使用Python目标处理ANTLR4语法中的换行 [英] Handling line feed in ANTLR4 grammar with Python target

查看:157
本文介绍了使用Python目标处理ANTLR4语法中的换行的处理方法,对大家解决问题具有一定的参考价值,需要的朋友们下面随着小编来一起学习吧!

问题描述

我正在研究 ANTLR4语法,用于解析Python DSL脚本(基本上是Python的一个子集),目标设置为 Python 3 。我在处理换行时遇到困难。



在我的语法中,我使用 lexer :: members NEWLINE 基于



对此我将不胜感激,因为我不明白为什么我的 NEWLINE 词法分析器规则无法匹配的原因\r\n ,并且我想在DSL中允许空行。

解决方案


所以问题肯定是\r\n没有被
NEWLINE词法分析器规则匹配


还有另一种解释。 LL(1)解析器将在第一个不匹配处停止,但是ANTLR4是一个非常聪明的LL(*):它将尝试匹配不匹配后的输入。

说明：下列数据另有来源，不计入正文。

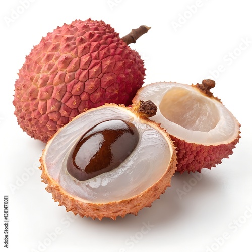 fruit, food, isolated, fresh, tropical, white, sweet, durian, lychee, exotic, healthy, ripe, green, nature, cut, pineapple, shell, delicious, seed, organic, nourishment, diet, half
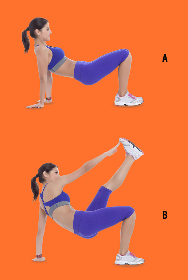 Chống đẩy ngược, đá chân và tay ngược bên lên cao chạm nhau. Thực hiện động tác 30 lần mỗi bên.
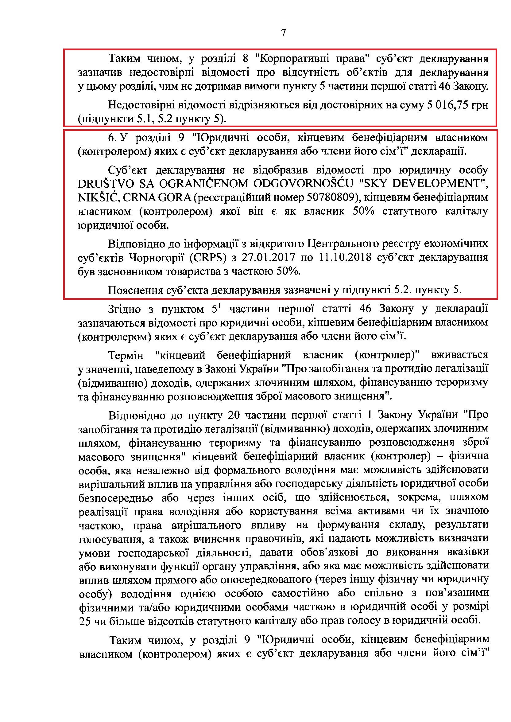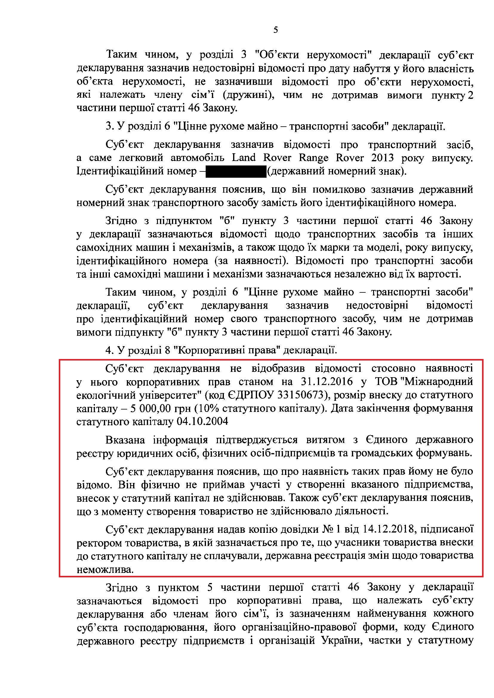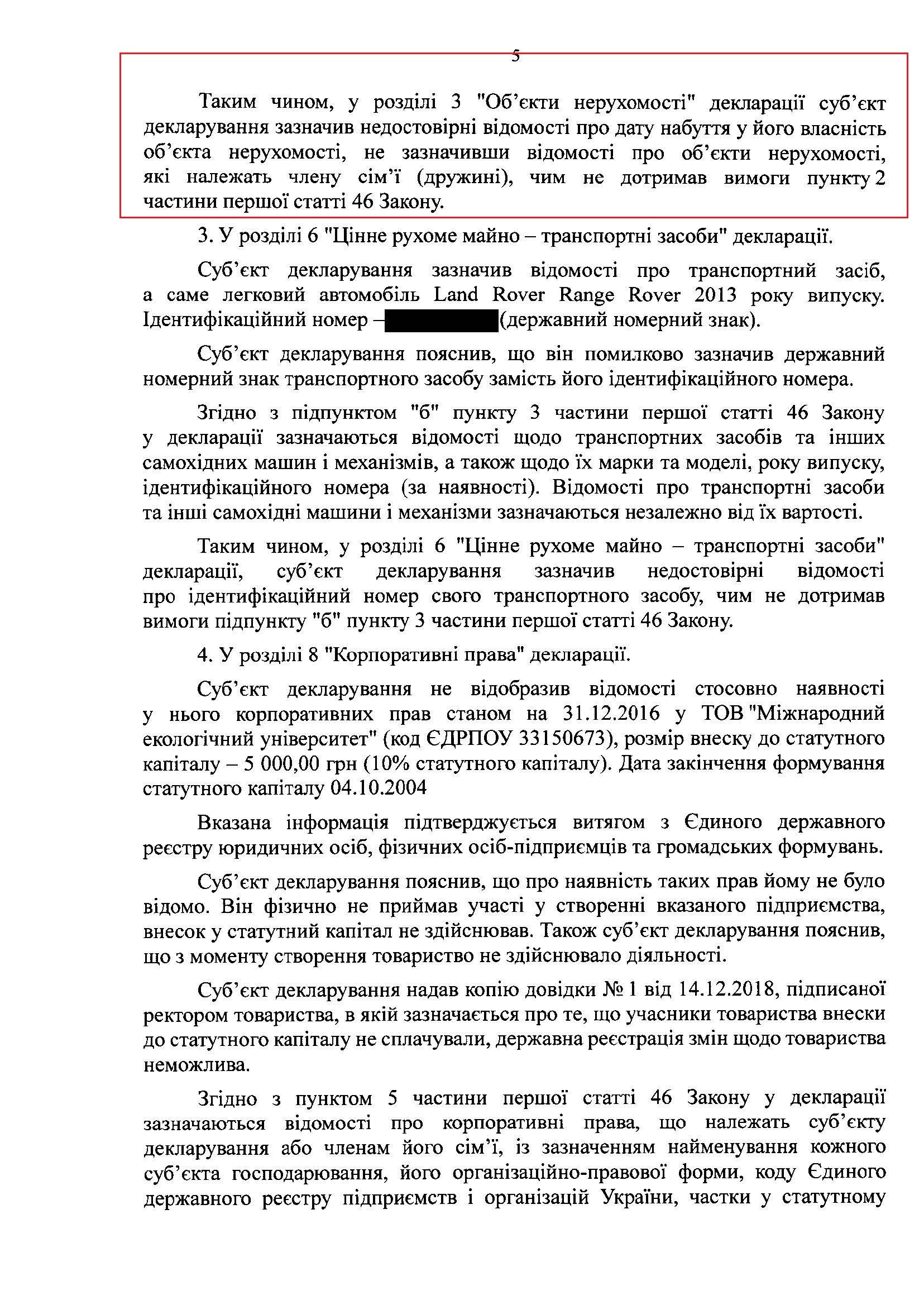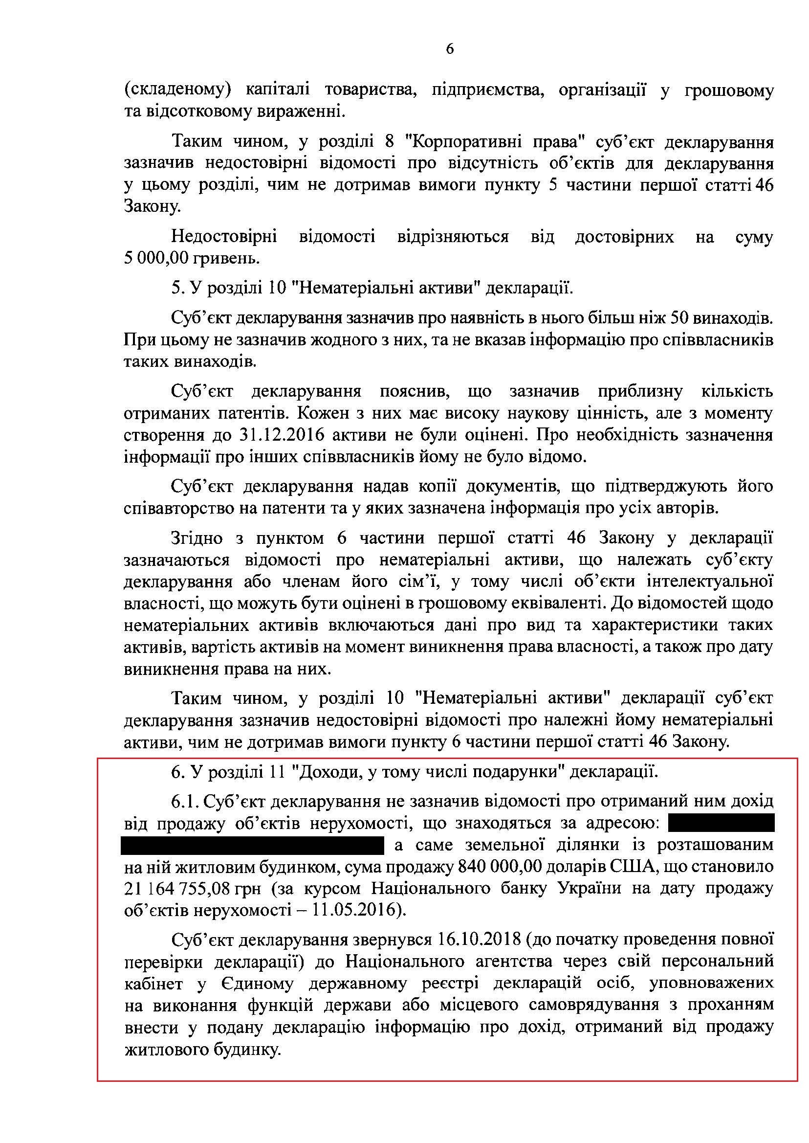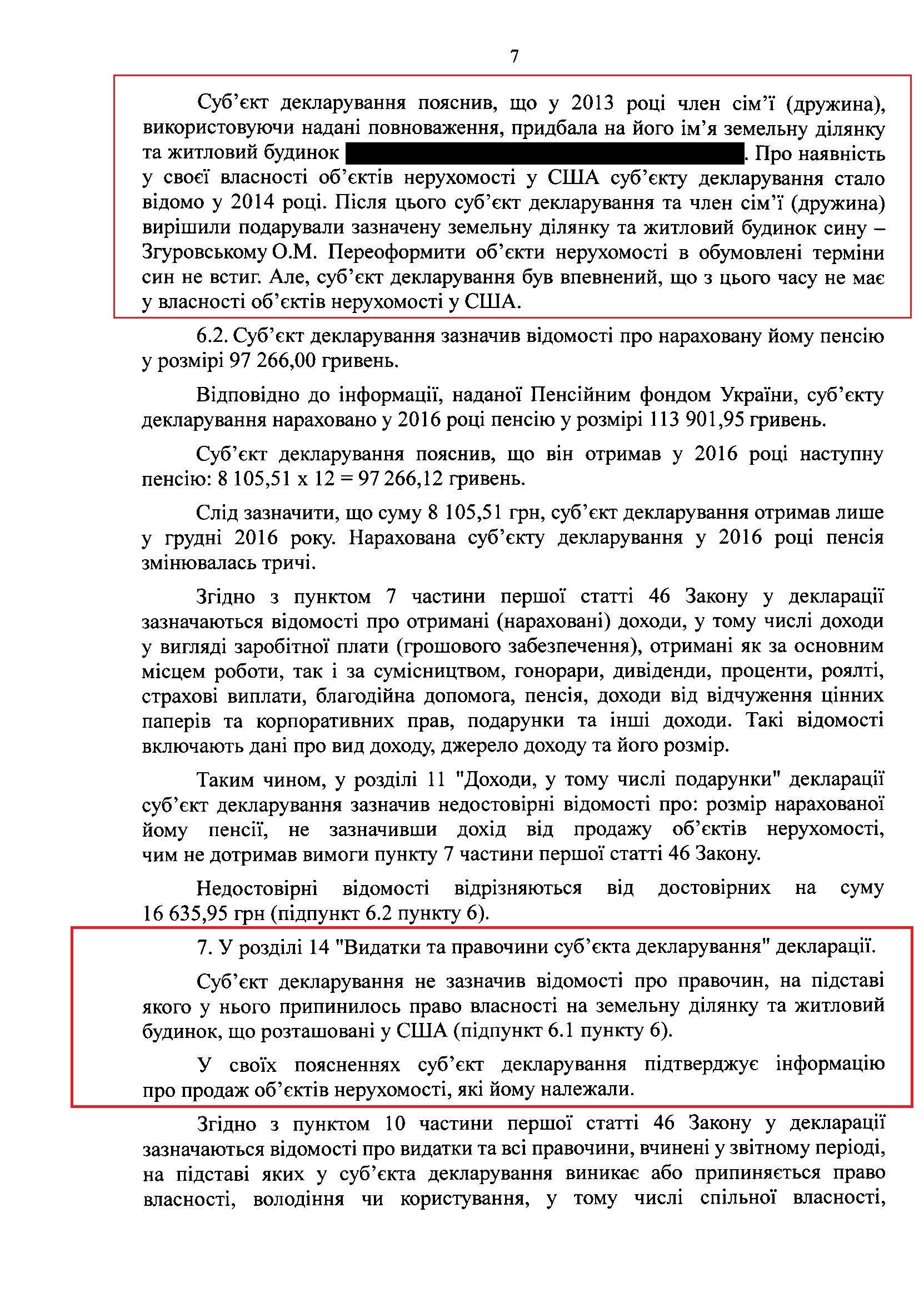 Незважаючи на те, що НАЗК підтвердило інформацію про невказану нерухомість за 21 млн грн, а також дім дружини, який коштує більше ніж 205 тис доларів, НАЗК вирішло, що порушення ректора не перевищують суму 100 прожиткових мінімумів (160 000 грн) і тому правопорушень НЕМАЄ. Це, звичайно, вказує на те, що НАЗК у своїх висновках було не об'єктивне і посприяло самому Згуровському.

我没有您的声明规则,也没有您在第15行附近的输入内容,我将通过以下语法演示一种可能的情况:

 语法问题; 

/ *多余的输入解析NL和空格。 * /

@lexer :: members {
public boolean at_start_of_input(){return true;}; //即使始终返回true,也不是问题的原因
}

问题
@init {System.out.println(问题最后更新2108) ;}
:( NEWLINE
|语句
{System.out.println( found<< + $ statement.text +>>));}
)* EOF
;

语句
:行 NUMBER NEWLINE其他 NEWLINE


NUMBER:[0-9] +;
NEWLINE
:({at_start_of_input()}?空间
|('\r'?'\n'|'\r'|'\f')空间?

;

跳过_
:空间->跳过
;

片段空间
:[\t] +

输入文件t.text:

 第1行
其他

执行: p>

  $ export CLASSPATH =。://usr/local/lib/antlr-4.6-complete.jar 
$别名
alias a4 ='java -jar /usr/local/lib/antlr-4.6-complete.jar'
别名grun ='java org.antlr.v4.gui.TestRig'
$ hexdump -C t.text
00000000 6c 69 6e 65 20 31 0a 20 20 20 73 6f 6d 65 74 68 |第1行。
00000010 69 6e 67 20 65 6c 73 65 0a |其他。|
00000019
$ a4 Question.g4
$ javac Q * .java
$ grun问题问题-令牌-诊断t.text
[@ 0,0:4 ='line',<'line'>,1:0]
[@ 1,5:5 ='1',< NUMBER>,1:5]
[@ 2, 6:9 ='\n',< NEWLINE>,1:6]
[@ 3,10:23 ='其他东西',<'其他东西',2:3]
[@ 4,24:24 ='\n',< NEWLINE>,2:17]
[@ 5,25:24 ='< EOF>',< EOF> ;, 3:0]
问题最新更新2108
找到<<<第1行
其他
>>

现在更改声明就像这样:

 声明
// //:'line'NUMBER NEWLINE'something'NEWLINE
:'line'NUMBER'其他的东西NEWLINE //现在NL将是多余的

并再次执行:

  $ a4 Question.g4 
$ javac Q * .java
$ grun问题-tokens -diagnostics t.text
[@ 0,0:4 ='行',<'行'>,1:0]
[@ 1,5:5 ='1',< NUMBER>,1:5]
[@ 2,6: 9 ='\n',< NEWLINE>,1:6]
[@ 3,10:23 ='其他东西',<'其他东西',2:3]
[@ 4,24:24 ='\n',< NEWLINE>,2:17]
[@ 5,25:24 ='< EOF>'',< EOF&,3: 0]
问题最新更新2114
第1:6行,多余的输入'\n',期望有其他东西
<<<第1行
其他
>>

请注意, NEWLINE 词法分析器规则。



您可以在



摘要:外部输入相当开发语法时的常见错误。这可能是由于要解析的输入规则期望之间的不匹配,也可能是因为某些输入已经被我们认为不是的其他标记解释了。通过检查-令牌选项产生的令牌列表来检测。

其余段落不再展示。